(Records from a collection)
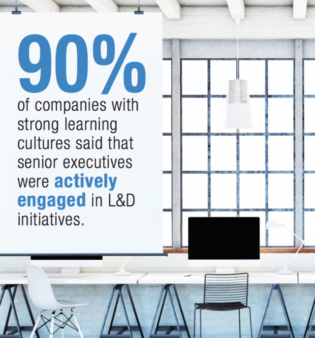 Transforming company culture is not possible without leadership involvement. 90% of companies with strong learning cultures said that senior executives were actively engaged in L&D initiatives. In Finding Courses’ survey of U.S. L&D departments, they found that “the number one comment from professionals about how they encourage a culture of learning is through meaningful and overt support from senior leaders.”
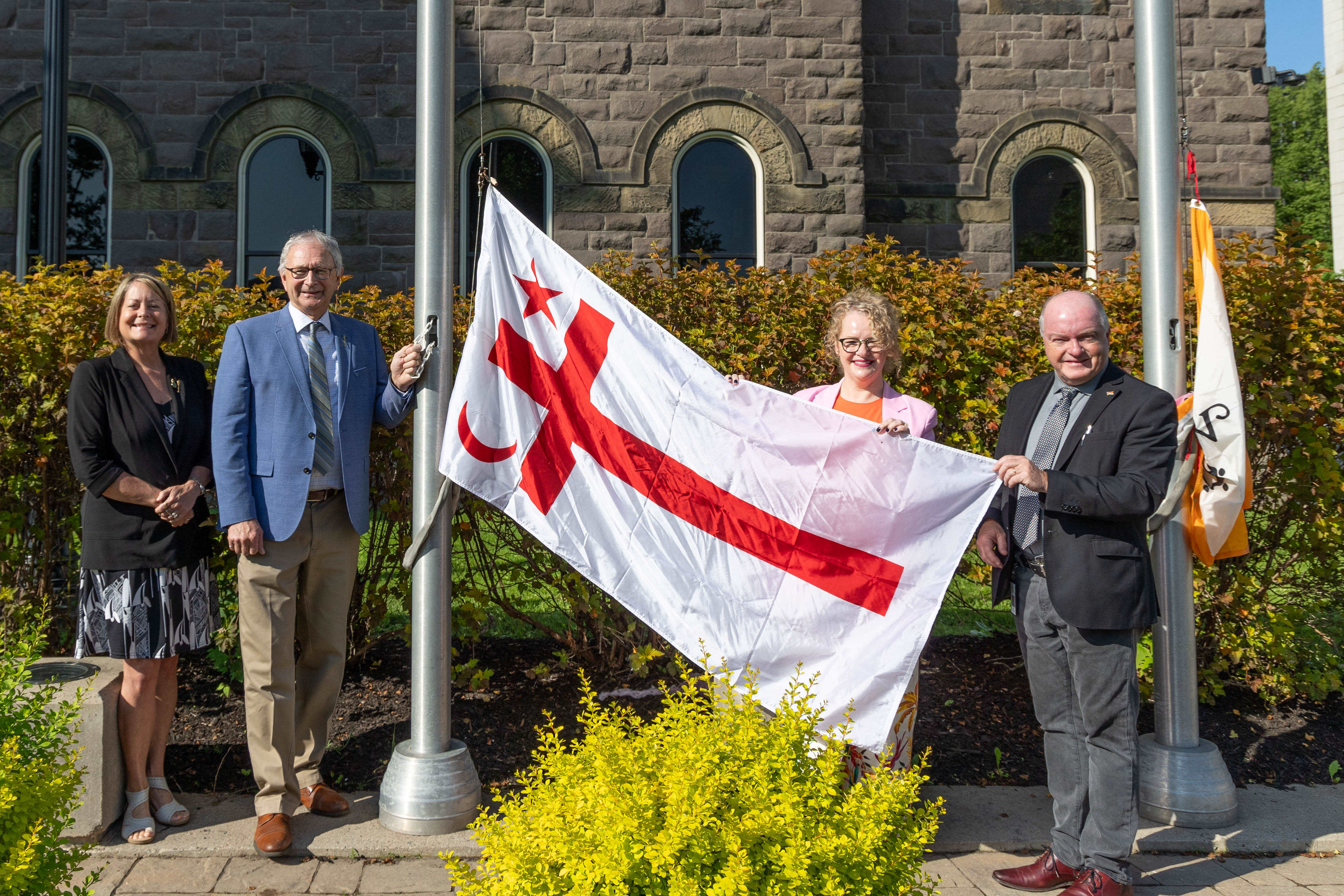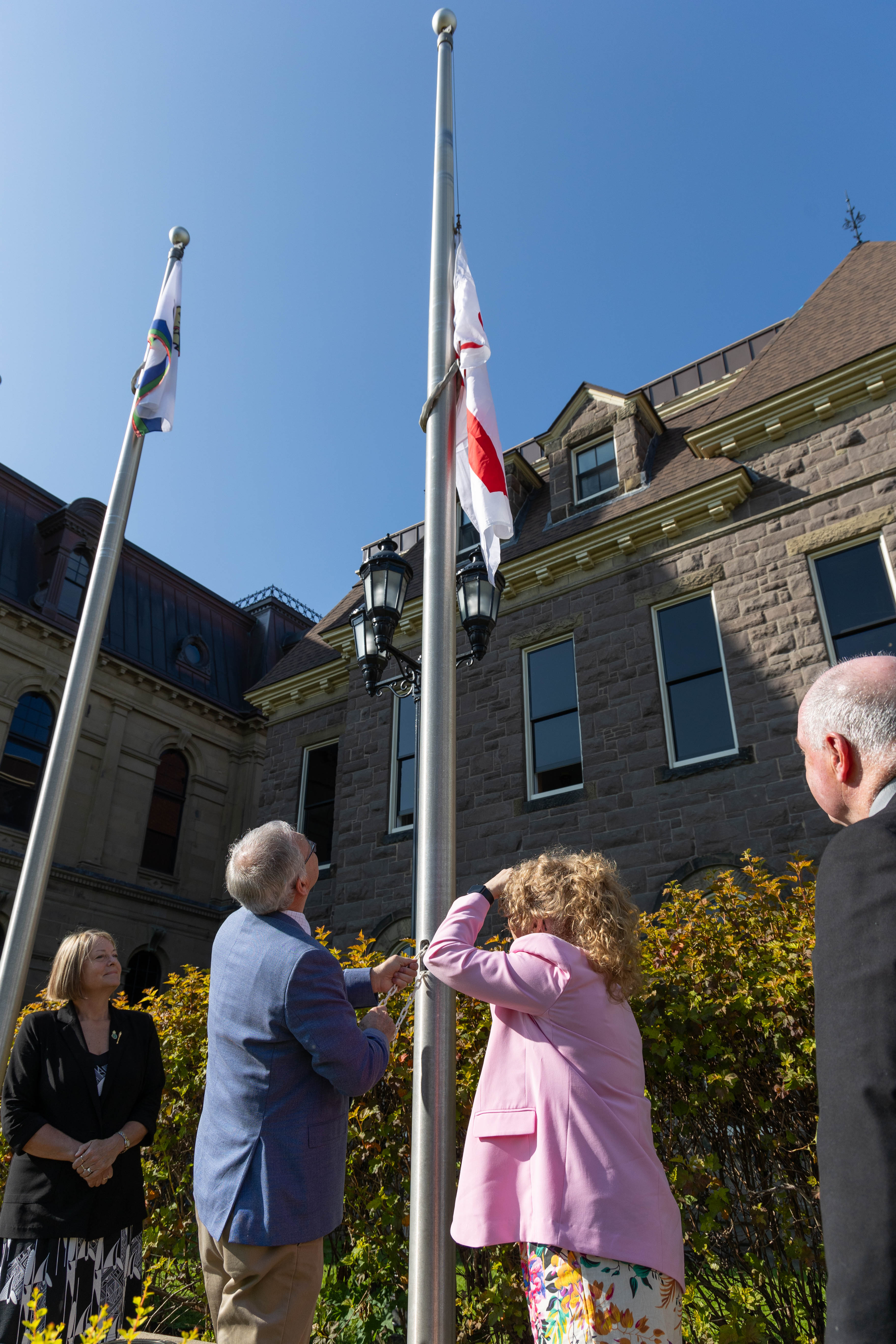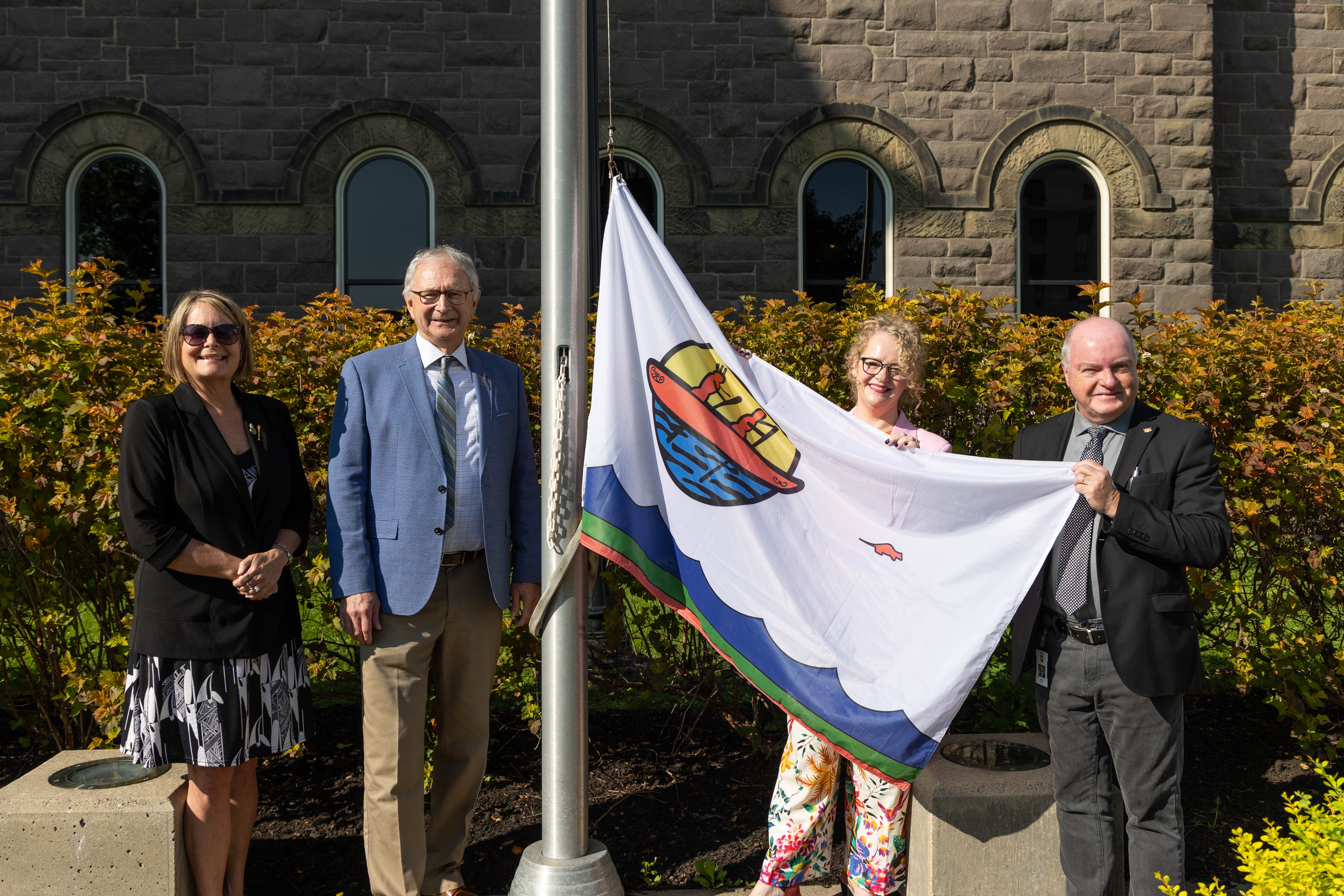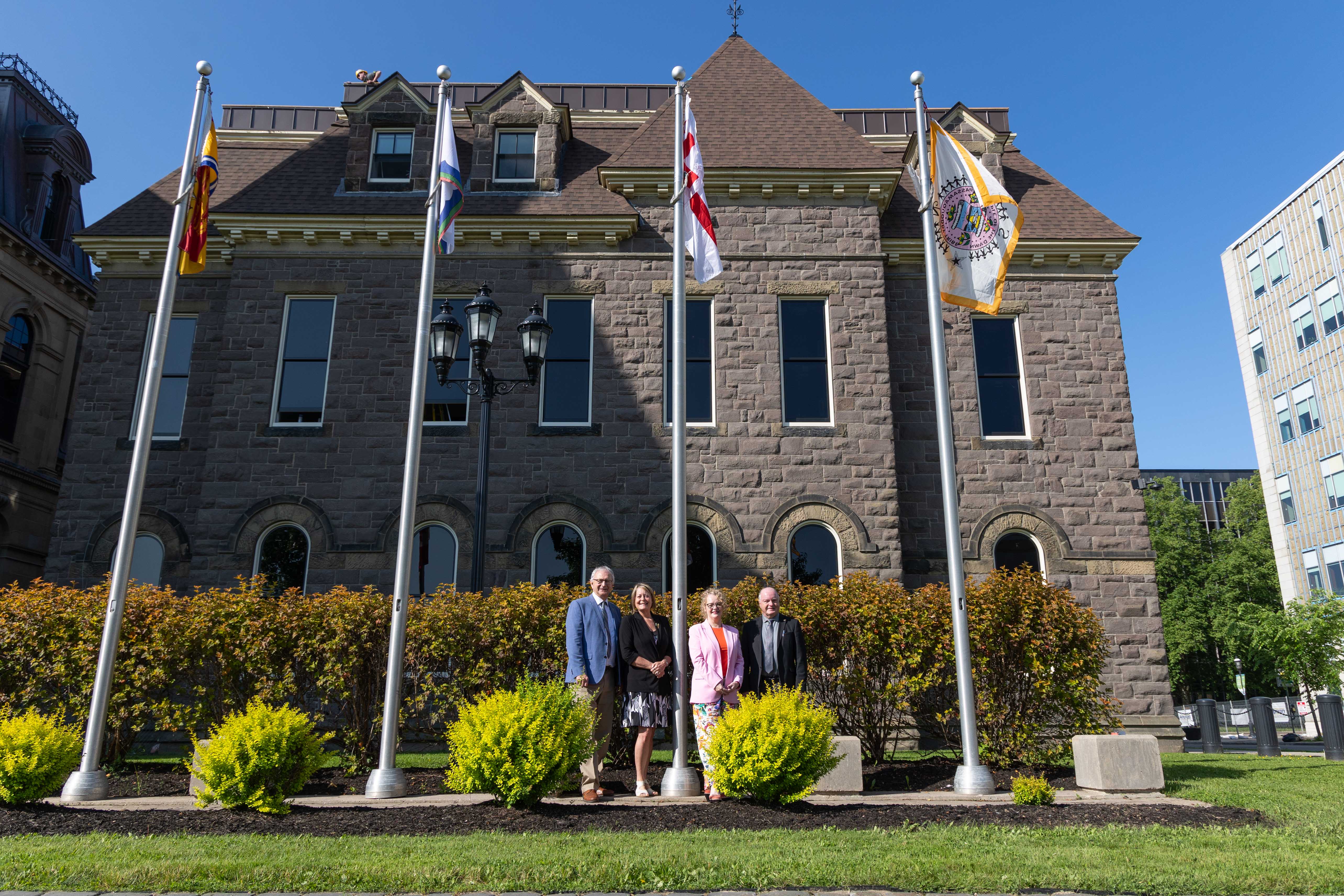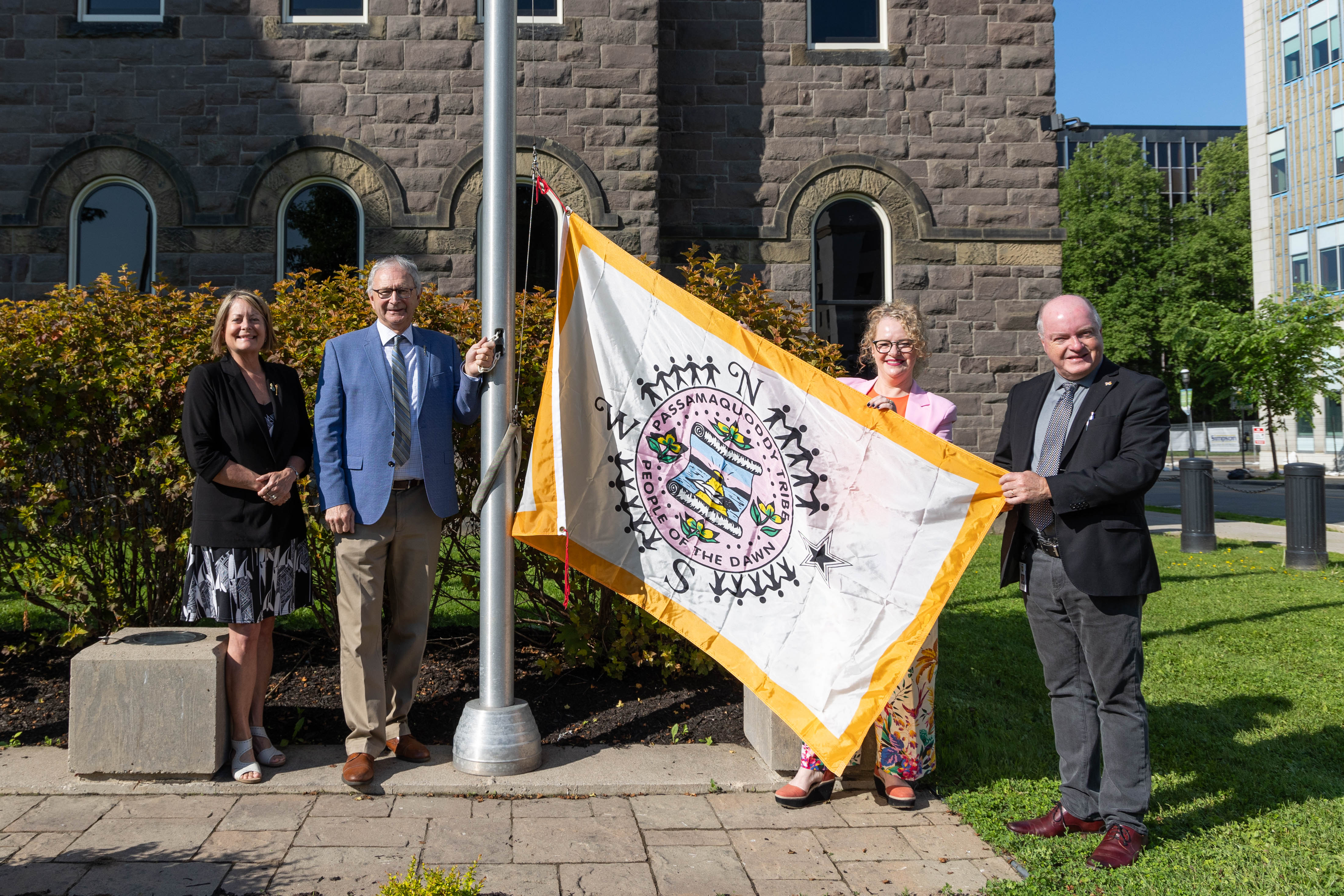 In honour of National Indigenous Peoples Day, a flag raising was held at the legislative assembly on the morning of June 21. Several staff members from the Department of Aboriginal Affairs were on hand to watch as Premier Blaine Higgs, Minister of Aboriginal Affairs Arlene Dunn, Minister of Health Bruce Fitch, and Oromocto-Lincoln-Fredericton MLA Mary Wilson helped raise the Wolastoqey, Mi’gmaq and Peskotomuhkati flags.
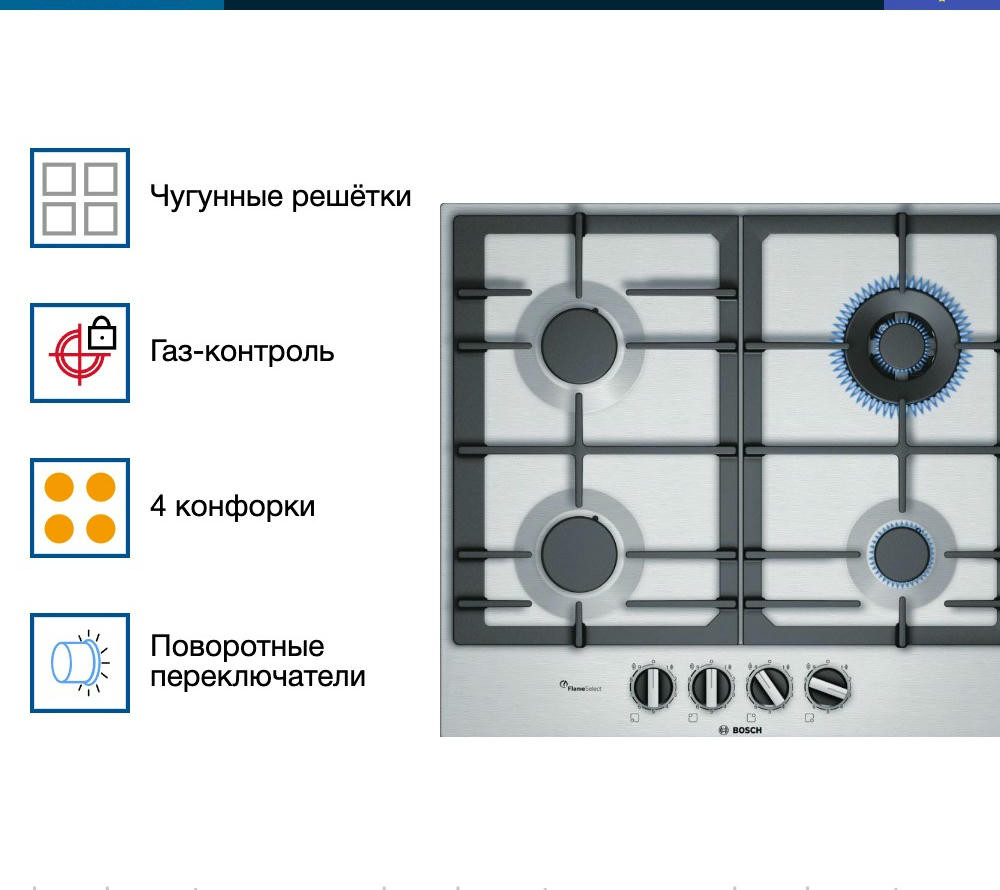 Газовая варочная панель Bosch PCH6A5B90
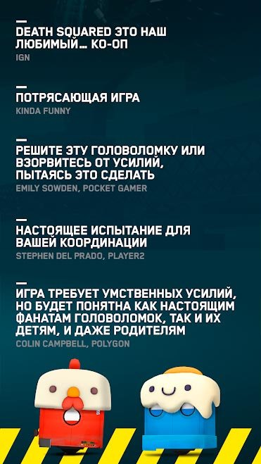 Действительно потрясающая игра, собравшая в себя уникальные элементы геймплея и захватывающие принципы действий. От игроков здесь потребуется очень много усилий умственного плана. Вместе с Death Squared легко можно стать поклонником жанра головоломок и фанатом их геймплея. Такой увлекательный игровой процесс идеально подойдет как детям, так и взрослым. Решайте эту потрясающую головоломку и прилагайте максимум усилий, пока не доберетесь до лучшего места в рейтинге. Вас ждут самые сложные испытания и ловушки, требующие координации и силы реакции. Сыграйте вместе с другом в этом увлекательном приключении и наслаждайтесь.Информация об игре
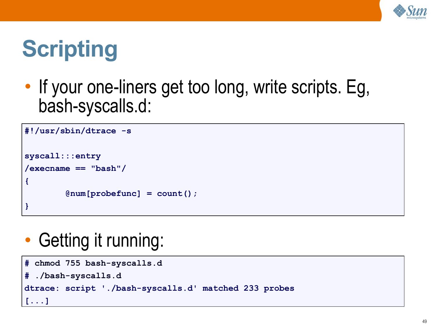 slide 49:Scripting • If your one-liners get too long, write scripts. Eg, bash-syscalls.d: #!/usr/sbin/dtrace -s syscall:::entry /execname == "bash"/ @num[probefunc] = count(); • Getting it running: # chmod 755 bash-syscalls.d # ./bash-syscalls.d dtrace: script './bash-syscalls.d' matched 233 probes [...]slide 50:
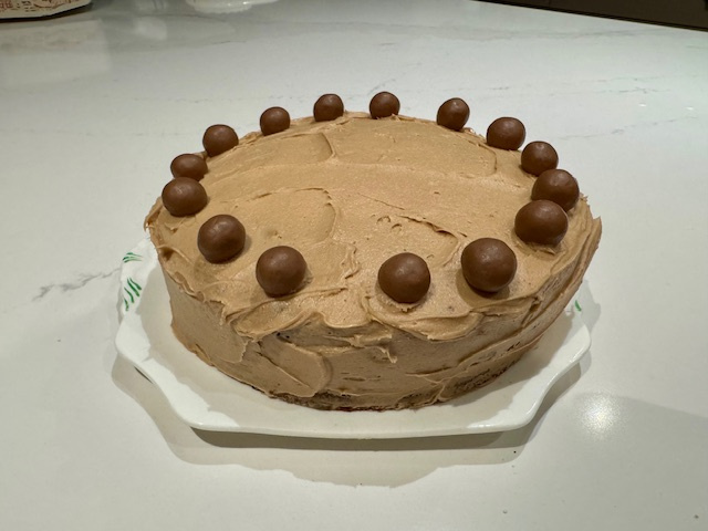 Nigella’s Chocolate Malteser Cake. There was plenty of icing, so I iced the sides as well. A delicious cake, and just that little bit different! I have made this cake a few times, and it never fails to delight.
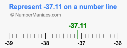 Representing negative 37.11 on the number line is a little more tricky. To locate -37.11, we start from 0 and go 37.11 to the left to locate -37.11 on the number line. Below is an illustration showing you where negative 37.11 is on a number line.

* **Exercise requirements**
Using the data above, retype exactly and only the lines from the one containing "In honour of" up to and including the one containing "Газовая варочная панель Bosch PCH6A5B90", with no pictures carried over.

* **Expected answer**
 In honour of National Indigenous Peoples Day, a flag raising was held at the legislative assembly on the morning of June 21. Several staff members from the Department of Aboriginal Affairs were on hand to watch as Premier Blaine Higgs, Minister of Aboriginal Affairs Arlene Dunn, Minister of Health Bruce Fitch, and Oromocto-Lincoln-Fredericton MLA Mary Wilson helped raise the Wolastoqey, Mi’gmaq and Peskotomuhkati flags.
 Газовая варочная панель Bosch PCH6A5B90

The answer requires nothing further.